Segmentation according to demography is based on consumer- demographic variables such as age, income, family size, socio-economic status, etc. Demographic segmentation assumes that consumers with similar demographic profiles will exhibit similar purchasing patterns, motivations, interests and lifestyles and that these characteristics will translate into similar product/brand preferences. In practice, demographic segmentation can potentially employ any variable that is used by the nation’s census collectors. Typical demographic variables and their descriptors are as follows :
- Age: e.g. Under 5, 5–8 years, 9–12 years, 13–17 years, 18–24, 25–29, 30–39, 40–49, 50–59, 60+
- Gender: Male, Female
- Occupation: Professional, self-employed, semi-professional, clerical/ admin, sales, trades, mining, primary producer, student, home duties, unemployed, retired
- Social class (or socio-economic status): A, B, C, D, E, or I, II, III, IV or V (normally divided into quintiles)

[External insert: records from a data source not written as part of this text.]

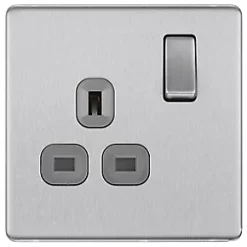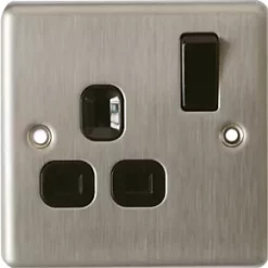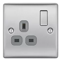 British General Evolve 13A 1-Gang SP Switched Socket Brushed Steel with White Inserts
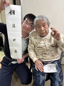 1月3日(土)に愛生苑デイでは、新春書初めを行いました(^_-)-☆
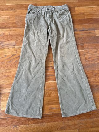 Pantalón de pana de corte acampanado. - Material: Pana. - Color: Verde oscuro. - Diseño: Pierna acampanada.
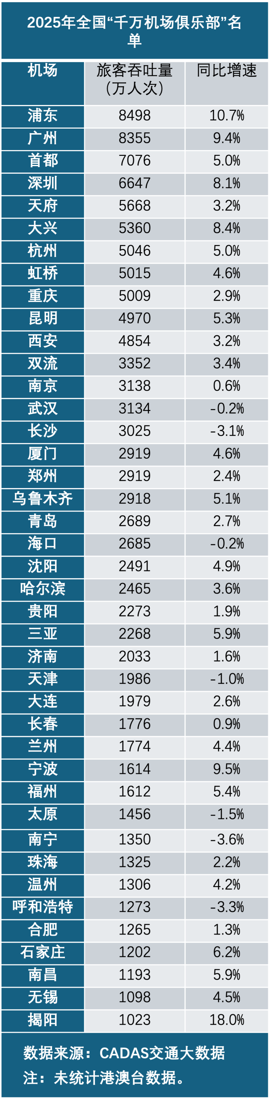 从单体机场看,2025年,上海浦东、广州白云、北京首都三座枢纽机场旅客吞吐量仍高居全国前三,分别达到8498万人次、8355万人次和7076万人次。与此同时,揭阳潮汕国际机场凭借18.0%的超高增速,实现全年旅客吞吐量1023万人次,跻身全国“千万机场俱乐部”。
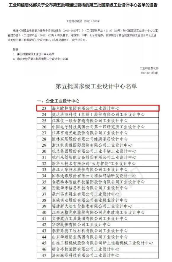 國家級(jí)!海太歐林集團(tuán)喜提“國家級(jí)工業(yè)設(shè)計(jì)中心”
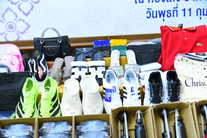 4. วันที่ 2 กุมภาพันธ์ 2569 กองสืบสวนและปราบปราม ได้ทำการอายัดสินค้า ณ เขตปลอดอากรแห่งหนึ่งในอำเภอศรีราชา จังหวัดชลบุรี ต้นทางจากประเทศเวียดนาม ใช้สิทธิประโยชน์เขตปลอดอากร ผลการตรวจสอบพบเสื้อละเมิดเครื่องหมายการค้า จำนวน 34,400 ตัว และเสื้อที่สำแดงเมืองกำเนิดเป็นเท็จ จำนวน 3,250 ตัว มูลค่าความเสียหายทางเศรษฐกิจ 215 ล้านบาท
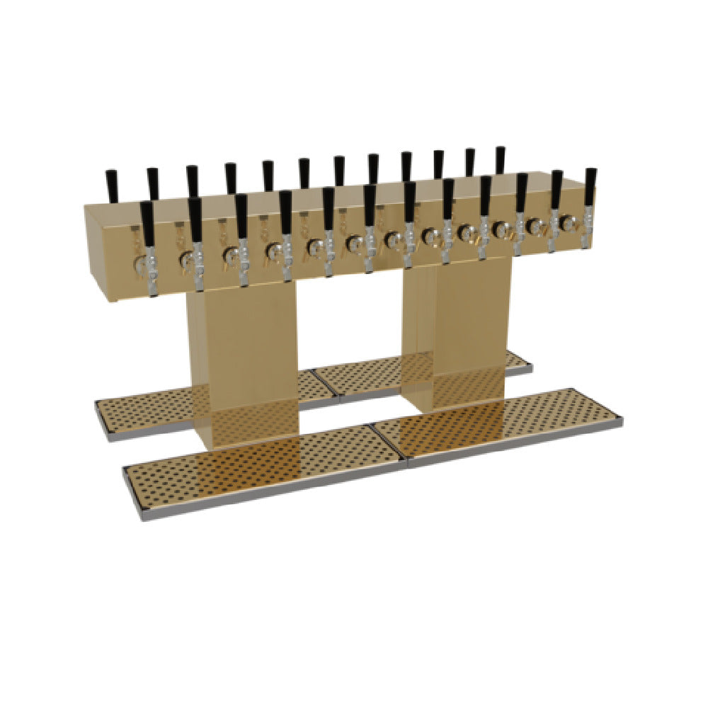 The Glastender DT-24-PBR Double-Sided Draft Dispensing Tower Countertop - a sophisticated and efficient solution for beverage service professionals - boasts (24) stainless steel faucets, providing an expansive capacity for high-volume draft dispensing. This glycol-cooled unit ensures optimal beverage temperature control, critical for maintaining the integrity and taste of the product served. It features (2) 6-3/4" W insulated columns, enhancing its cooling efficiency and ensuring a consistent draft experience. The tower is constructed with an insulated cold plate assembly, which contributes to its superior cooling capabilities. The design includes (4) mirror finish surface mount drain pans equipped with brass finish removable inserts, offering both aesthetic appeal and practicality in terms of maintenance and cleanliness. Entirely crafted from stainless steel, the tower guarantees durability and resilience in demanding environments. Its polished brass finish adds a touch of elegance, making it a striking centerpiece in any venue. Notably, this product is made to order and is non-returnable, emphasizing the bespoke nature of its construction. The Glastender DT-24-PBR is particularly suited for bars, restaurants, and catering events that require a reliable, high-capacity draft system capable of delivering beverages at the perfect temperature with style and sophistication.
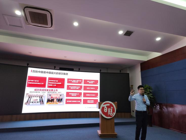 王子木经理详细介绍了百胜中国的发展历程、辽吉市场概况、企业文化、管理菁英班人才培养模式、养成计划、课程等内容。
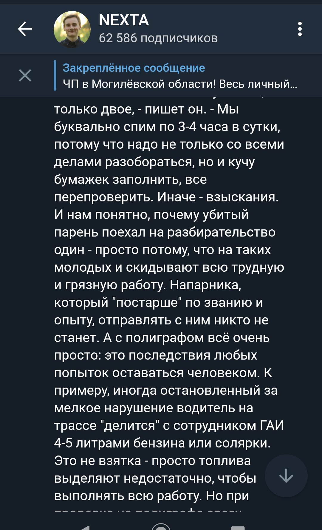 27 brestskij Жертвы системы 6 лет назад Вот что пишут в Телеграмм про белорусскую систему МВД, на фоне вчерашнего похищения и убийства лейтенанта ГАИ, 1996 г.р. в Могилеве, 🇧🇾 Система МВД Республика Беларусь Telegram Длиннопост

- Marital Status: Single, married, divorced, widowed
- Family Life-stage: Young single; Young married with no children; Young family with children under 5 years; Older married with children; Older married with no children living at home, Older living alone
- Family size/ number of dependants: 0, 1–2, 3–4, 5+
- Income: Under $10,000; 10,000–20,000; 20,001–30,000; 30,001–40,000, 40,001–50,000 etc.

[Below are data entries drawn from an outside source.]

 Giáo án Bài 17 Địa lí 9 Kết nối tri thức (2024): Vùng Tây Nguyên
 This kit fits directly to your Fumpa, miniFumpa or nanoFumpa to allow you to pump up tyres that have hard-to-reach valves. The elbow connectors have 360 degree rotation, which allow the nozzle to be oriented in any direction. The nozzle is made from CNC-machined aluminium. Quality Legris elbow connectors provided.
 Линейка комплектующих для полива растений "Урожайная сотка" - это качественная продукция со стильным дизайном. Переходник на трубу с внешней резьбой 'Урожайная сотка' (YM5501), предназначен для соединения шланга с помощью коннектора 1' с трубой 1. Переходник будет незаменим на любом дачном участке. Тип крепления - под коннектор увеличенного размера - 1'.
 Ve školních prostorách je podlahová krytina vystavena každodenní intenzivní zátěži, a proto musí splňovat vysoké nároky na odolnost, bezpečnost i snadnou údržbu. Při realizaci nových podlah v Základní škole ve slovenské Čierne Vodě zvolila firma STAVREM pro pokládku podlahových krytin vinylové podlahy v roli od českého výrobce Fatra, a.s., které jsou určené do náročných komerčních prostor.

- Educational attainment: Primary school; Some secondary, Completed secondary, Some university, Degree; Post graduate or higher degree
- Home ownership: Renting, Own home with mortgage, Home owned outright
- Ethnicity: Asian, African, Aboriginal, Polynesian, Melanesian, Latin-American, African-American, American Indian etc.
- Religion: Catholic, Protestant, Muslim, Jewish, Buddhist, Hindu, Other
In practice, most demographic segmentation utilizes a combination of demographic variables. The use of multiple segmentation variables normally requires analysis of databases using sophisticated statistical techniques such as cluster analysis or principal components analysis. It should be noted that these types of analysis require very large sample sizes. However, data-collection is expensive for individual firms. For this reason, many companies purchase data from commercial market research firms, many of whom develop proprietary software to interrogate the data.

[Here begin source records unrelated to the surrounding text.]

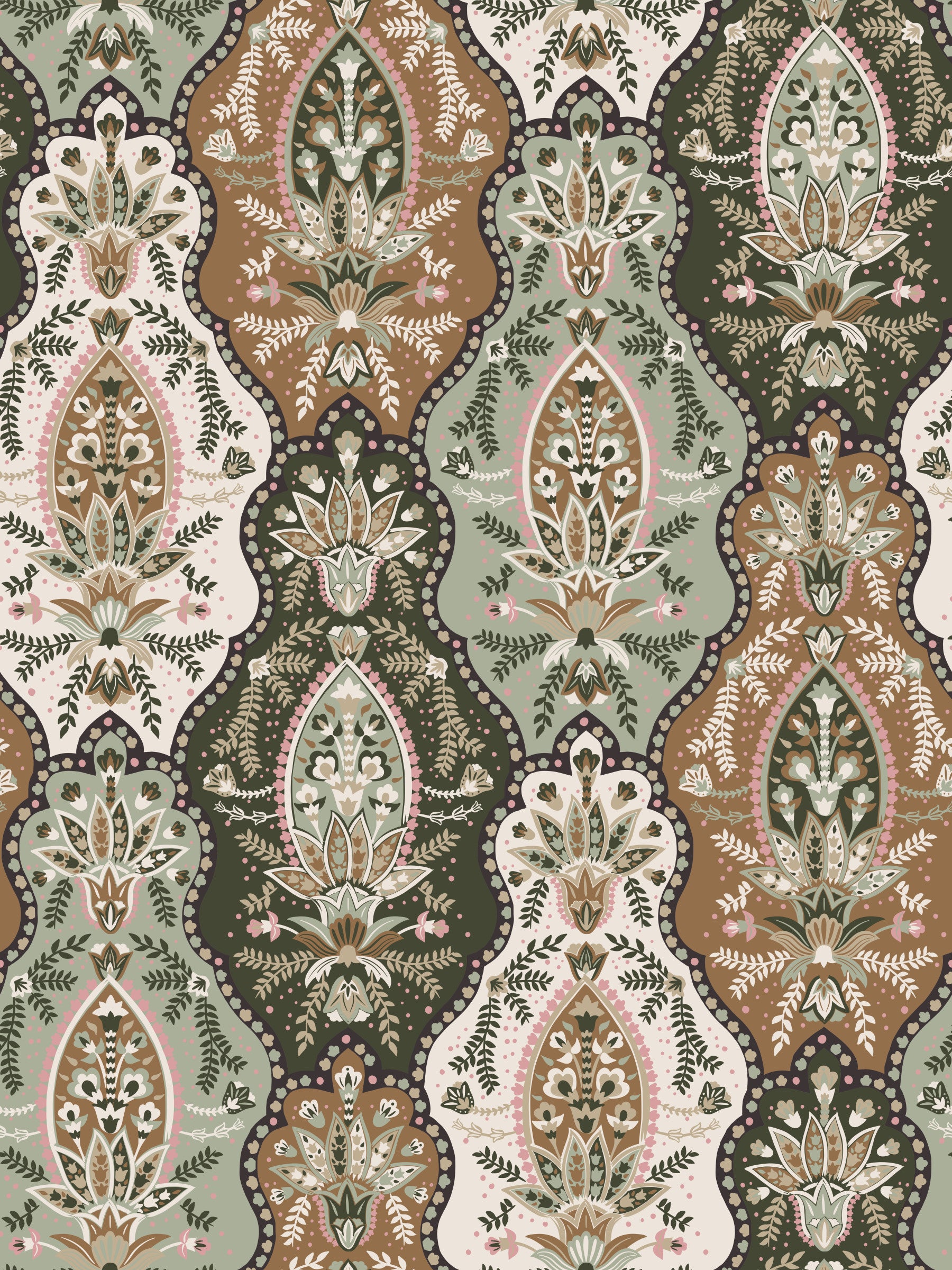 Traditional floral wallpaper mural with repeating earthy motifs in warm and cool tones.
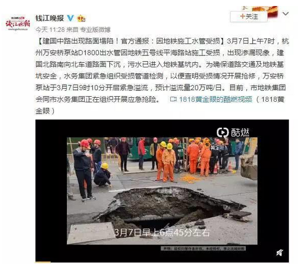 具體內容:3月7日上午7時,杭州萬安橋泵站D1800出水管因地鐵五號線平海路站施工受損,出現滲漏現象,建國北路南向北車道路面下沉,污水已進入地鐵基坑內。為確保道路交通及地鐵基坑安全,水務集團緊急組織受損管道檢測,以便查明受損情況開展搶修,萬安橋泵站于3月7日9時10分開啟緊急溢流,預計溢流量20萬噸/日。目前,市地鐵集團會同市水務集團正在組織開展應急搶險。
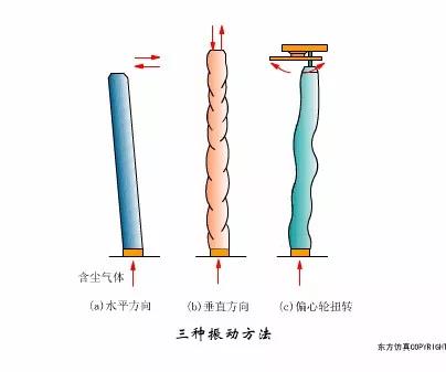 (a)為水平振動(dòng),有頂部和中部振動(dòng)兩種; (b)為垂直振動(dòng),它利用偏心輪裝置振打?yàn)V袋框架或定期提升濾袋框架進(jìn)行清灰; (c)為扭曲振動(dòng),它利用機(jī)械傳動(dòng)裝置定期將濾袋扭轉(zhuǎn)一定角度,使塵粒脫落。
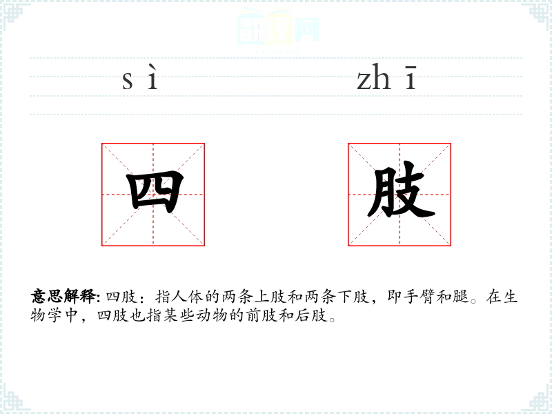 - 反义词:无(四肢是人体的基本组成部分,没有直接的反义词)
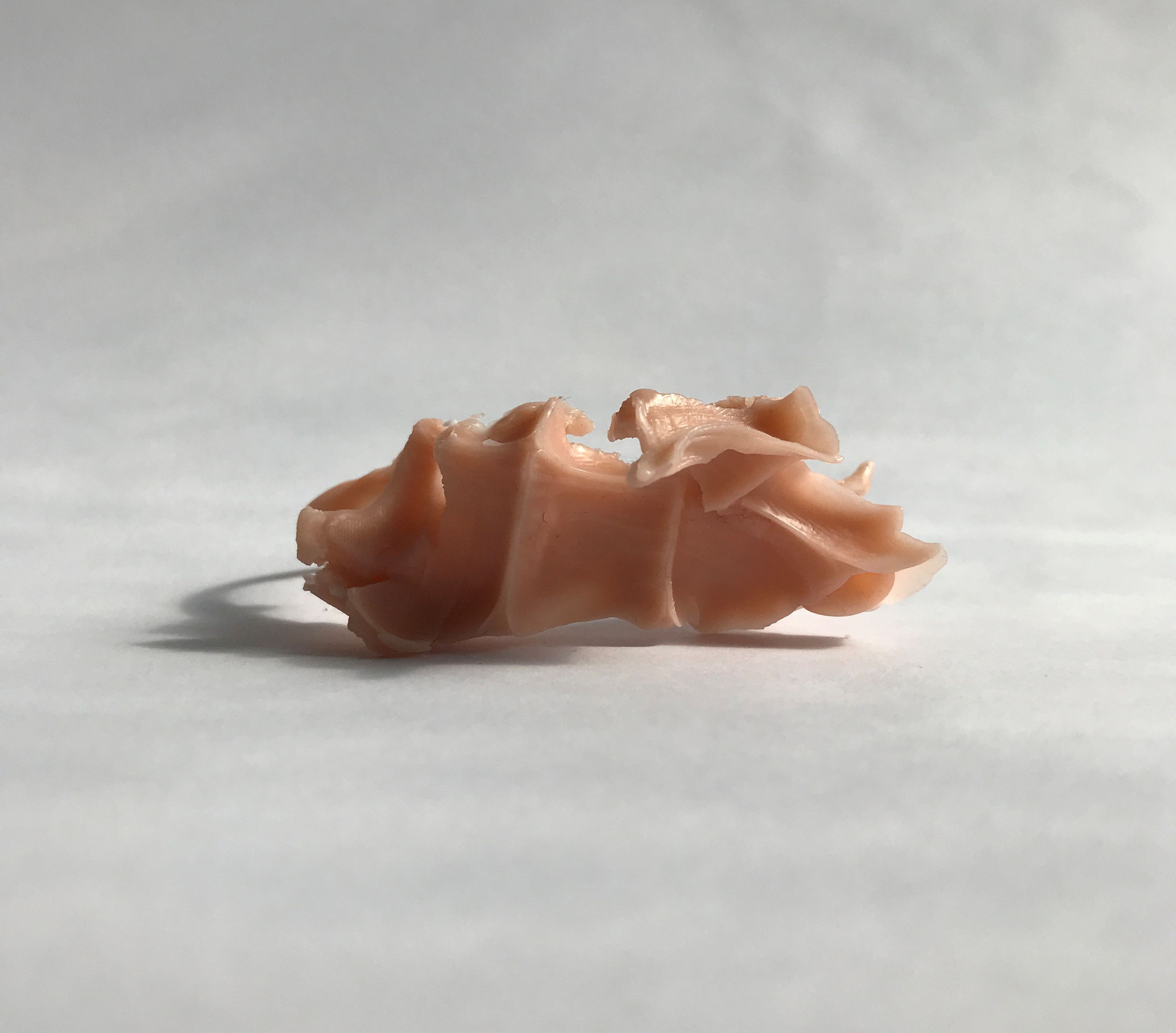 For primary research I looked at my own skin, focusing on textures and markings and scars. I then focused on the tactile element, acknowledging how the skin feels. Running my finger across a scar felt soft and repaired, the folds in my belly warm and squishy. As well as researching skin, it was important for me to research the epidemic of touch deprivation, or ‘skin hunger’. I had never heard of this neurological phenomenon, until the coronavirus pandemic. Skin hunger is the biological need for human touch. I knew this subject was personal to me, but I hadn’t quite figured out why until this research.

The labels applied to some of the more popular demographic segments began to enter the popular lexicon in the 1980s. These include the following:
SITKOM: Single Income, Two Kids, Oppressive Mortgage. Tend to have very little discretionary income, struggle to make ends meet.
Tween: Young person who is approaching puberty, aged approximately 9–12 years; too old to be considered a child, but too young to be a teenager.
WASP: (American) White, Anglo-Saxon Protestant. Tend to be high-status and influential white Americans of English Protestant ancestry.
YUPPY: (aka yuppie) Young, Urban/ Upwardly-mobile, Prosperous, Professional. Tend to be well-educated, career-minded, ambitious, affluent and free spenders.
DINK: Double (or dual) Income, No Kids, describes one member of a couple with above average household income and no dependent children, tend to exhibit discretionary expenditure on luxury goods and entertainment and dining out
GLAM: Greying, Leisured and Moneyed. Retired older persons, asset rich and high income. Tend to exhibit higher spending on recreation, travel and entertainment
GUPPY: (aka GUPPIE) Gay, Upwardly Mobile, Prosperous, Professional; blend of gay and YUPPY (can also refer to the London-based equivalent of YUPPY)
MUPPY: (aka MUPPIE) Mid-aged, Upwardly Mobile, Prosperous, Professional
Preppy: (American) Well educated, well-off, upper class young persons; a graduate of an expensive school. Often distinguished by a style of dress.